Records from a collection

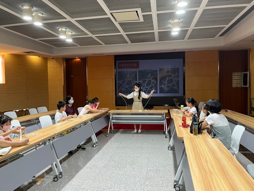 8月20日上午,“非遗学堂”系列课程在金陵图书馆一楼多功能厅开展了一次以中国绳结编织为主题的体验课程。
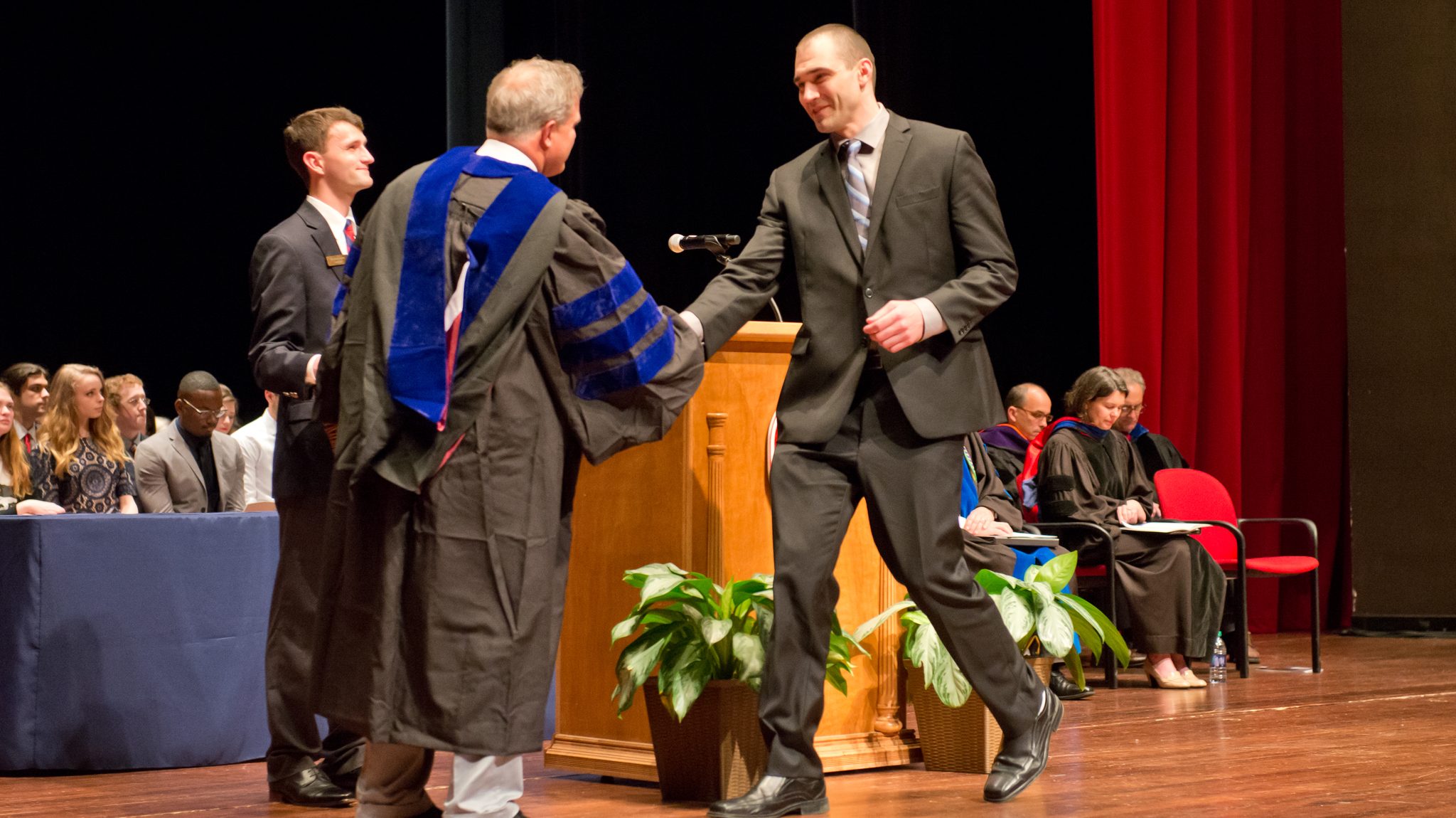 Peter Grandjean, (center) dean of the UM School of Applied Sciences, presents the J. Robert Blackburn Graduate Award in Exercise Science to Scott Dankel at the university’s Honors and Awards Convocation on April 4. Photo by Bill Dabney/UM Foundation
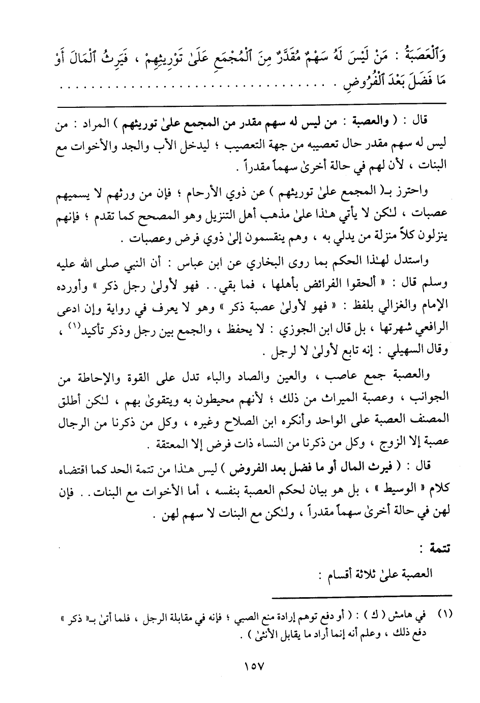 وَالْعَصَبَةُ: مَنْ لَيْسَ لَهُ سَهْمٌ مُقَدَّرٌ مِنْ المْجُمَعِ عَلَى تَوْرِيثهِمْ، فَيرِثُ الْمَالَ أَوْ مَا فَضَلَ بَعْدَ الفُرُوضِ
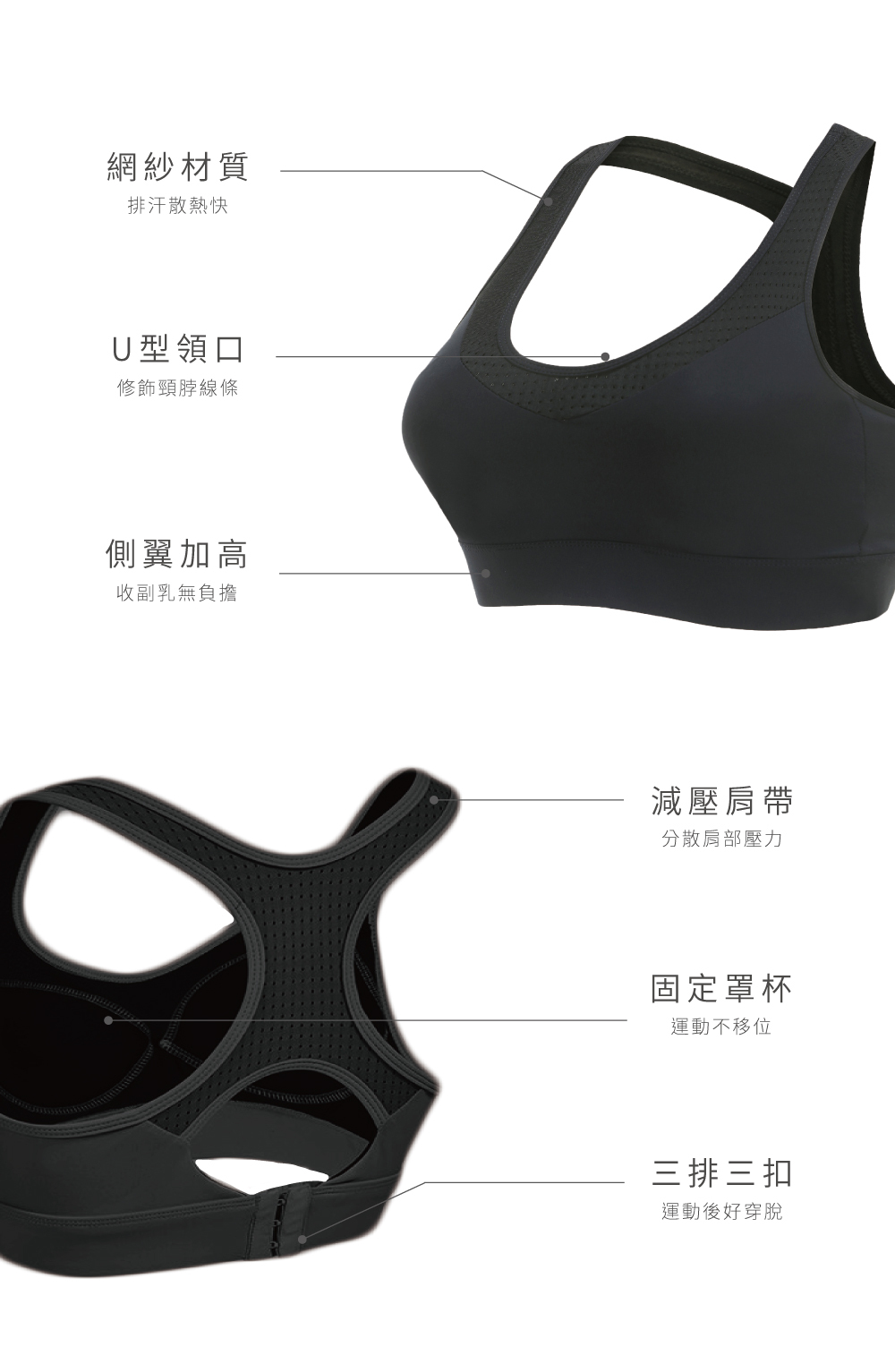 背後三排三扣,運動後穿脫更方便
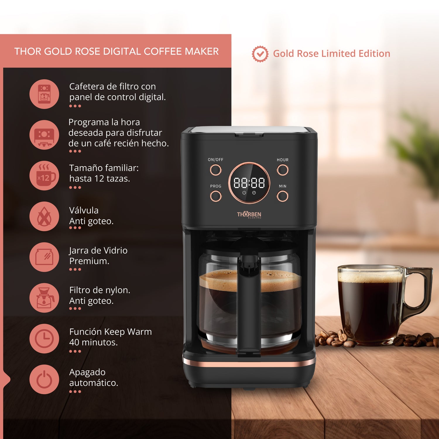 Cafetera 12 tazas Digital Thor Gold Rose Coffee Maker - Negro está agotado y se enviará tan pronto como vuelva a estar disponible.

Problem statement: Please output the lines of the records above from the one with "背後三排三扣,運動後穿脫更方便" through the last, exactly as they appear and with both ends included; skip any pictures and add nothing.

Problem solution:
 背後三排三扣,運動後穿脫更方便
 Cafetera 12 tazas Digital Thor Gold Rose Coffee Maker - Negro está agotado y se enviará tan pronto como vuelva a estar disponible.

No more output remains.